İki yıldır çalıştığı kırtasiye dükkanından hamile olduğu için kovulduğunu iddia eden genç kadın, İş Mahkemesi'nin yolunu tuttu.
Aylık 800 lira net ücret aldığını belirten davacı kadın; çalışmasının Sosyal Güvenlik Kurumu'na hiç bildirilmediğini öne sürdü. İş yerinde haftada 6 gün 08.00-18.00 saatleri arasında çalışma yapıldığını söyledi.
Dini tatillerde çalışma olmadığını ancak resmi tatillerde çalışmaya devam edildiğini, ücretli izinlerin kullandırılmadığını iddia ederek, kıdem ve ihbar tazminatları ile fazla mesai ücreti, ulusal bayram genel tatil ücreti ve yıllık izin ücreti alacaklarının tahsilini istedi.
Mahkemede savunma yapan davalı kırtasiyeci ise davacının 2 yıldır yardım amaçlı olarak iş yerinde bulunduğunu, taraflar arasında iş ilişkisi olmadığını, iyi niyetle davacıya maddi yardımda bulunabilmek için davacının teklifini kabul ettiğini öne sürdü.
DAVANIN REDDİ İSTENDİ
Davacıya yapılan yardım olarak 250 lira ödendiğini, ayrıca son olarak da 164 lira daha ödendiğini, iş yerinde 08.00-18.00 arası çalışma olduğunu, resmi tatillerde çalışma olmadığını savunarak, davanın reddine karar verilmesini istedi.
Mahkeme, davanın kısmen kabulüne karar verdi.

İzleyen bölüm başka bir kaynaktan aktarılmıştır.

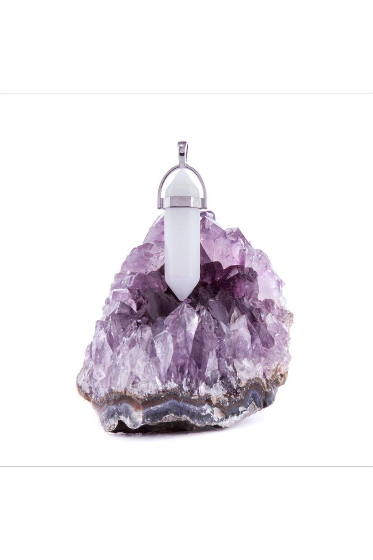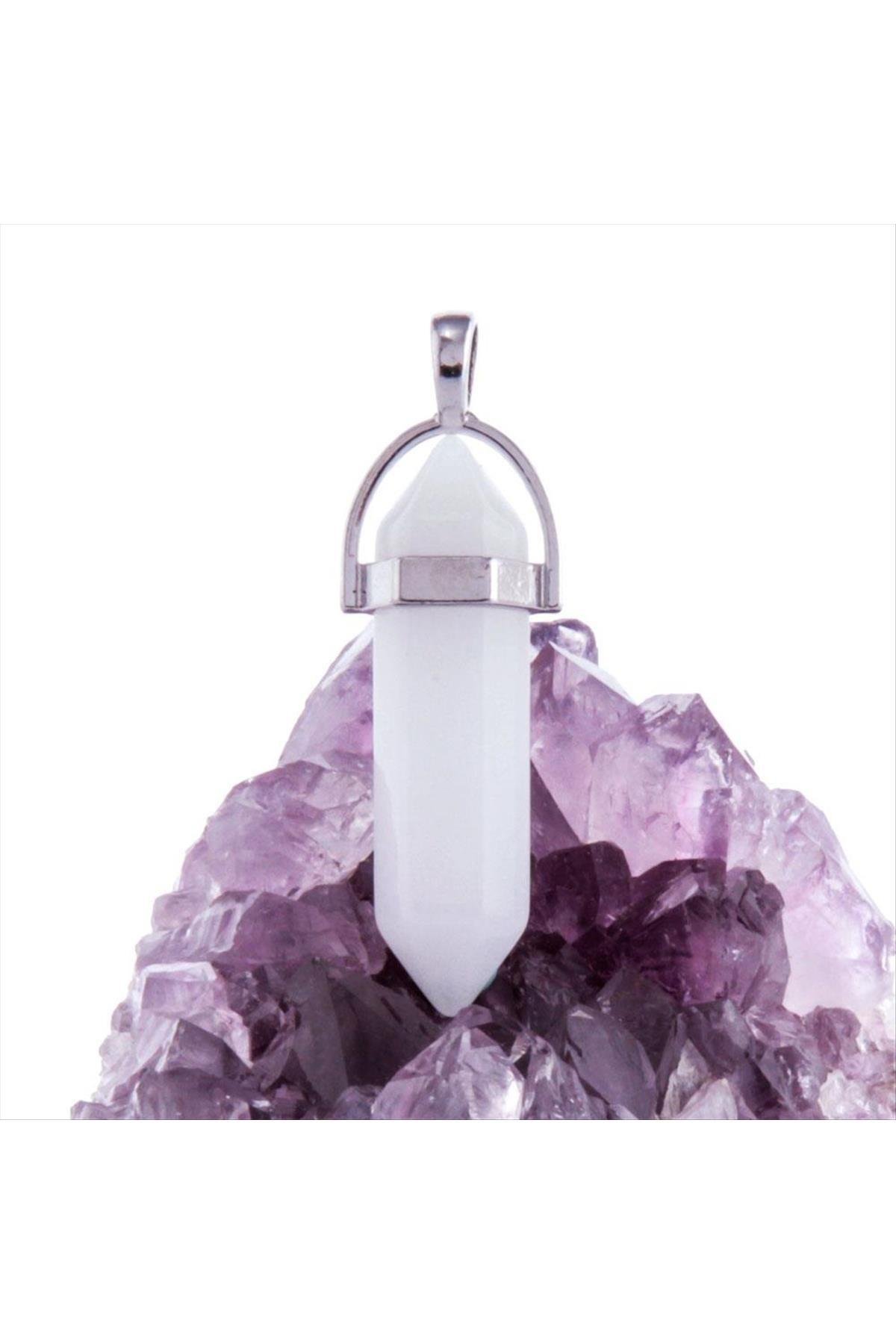 Kuvars Point Kolye Ucu-Beyaz
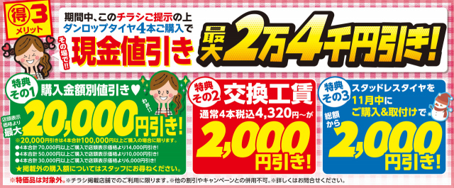 ☆下記のタイヤ4本ご購入で、ド~ンと、現金値引き!!
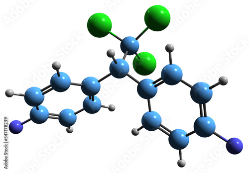 3D image of Difluorodiphenyltrichloroethane skeletal formula - molecular chemical structure of insecticide DFDT isolated on white background
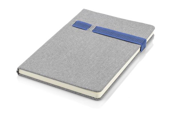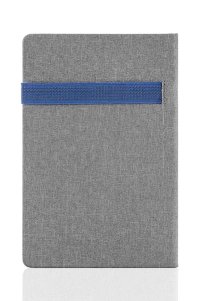 Notes HOLDI posiada bardzo ciekawą okładkę w kolorze szarym, wyglądem przypominającą lniany materiał. Zamykany jest za pomocą kolorowej gumki, która może służyć również jako miejsce na długopisy lub inne niezbędne przedmioty. Notes A5. 80 kartek w linie. Grubość papieru 80 gsm
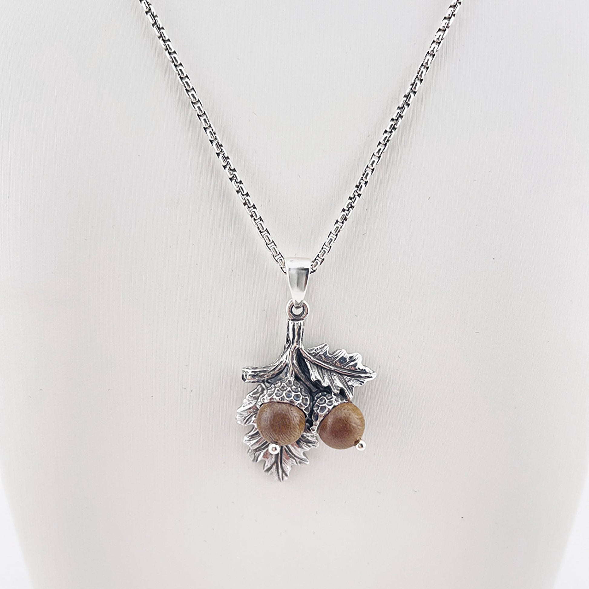 Inspired by the beauty of the oak tree, this handcrafted necklace features a detailed 925 sterling silver pendant with two natural sandalwood acorns nestled among textured silver oak leaves. The acorn, a timeless symbol of strength, growth, and prosperity, pairs beautifully with the warm, earthy tones of sandalwood, creating a piece that is both elegant and meaningful.

Kararı davalı kırtasiyeci temyiz etti. Yargıtay 9. Hukuk Dairesi; mahkemece iş yerinin niteliği araştırılmadan esastan karar verilmesinin hatalı olduğu gerekçesiyle kararı bozdu. Mahalli mahkeme, bozma ilamına uyularak yapılan yargılama sonucunda da davanın kısmen kabulüne karar verdi.
'NEDEN KOMŞU ÇALIŞANLARA SORULMADI?'
Bu kez iki tarafın da kararı temyiz ettiğini belirten Sosyal Güvenlik Uzmanı Özgür Erdursun, "İçtihat metni niteliğinde bir karara imza atan Yargıtay 9. Hukuk Dairesi, fazla mesai yaptığını iddia eden çalışanın komşu iş yeri personelinin şahitliği ile ispatlayabileceğine hükmetti" dedi.
Yargıtay'ın geçen günlerde verdiği kararda, "Bozma öncesinde mahkemece alınan bilirkişi raporu doğrultusunda isteklerle ilgili hüküm kurulduğu halde, görev yönünden araştırmaya yönelik verilen bozma kararı sonrası komşu iş yeri çalışanlarıyla ispatın sağlanamayacağı gerekçesiyle her iki isteğin de reddine karar verilmiştir. Tanıkların iş yerinde çalışma düzenini bilebilecek durumda olmaları önemli olup, kural olarak iş yeri çalışanları ile ispat gerekir ise de, iş yerinin özelliğine göre komşu iş yerinde çalışanların beyanları ile de günlük ve haftalık çalışma sürelerinin belirlenmesi mümkündür. Somut uyuşmazlıkta, ilkokulun karşısında bulunan kırtasiyede çalışan davacı işçinin günlük ve haftalık çalışma süreleri bakımından, okulun kantininde çalışan işçilerin tanıklığı yeterli görülmelidir. Buna göre mahkemece bozma öncesi alınan rapor bir değerlendirmeye tabi tutularak indirim hususu da gözetilmek suretiyle bir karar verilmelidir. Temyiz olunan kararın bozulmasına oy birliği ile karar verilmiştir denildi".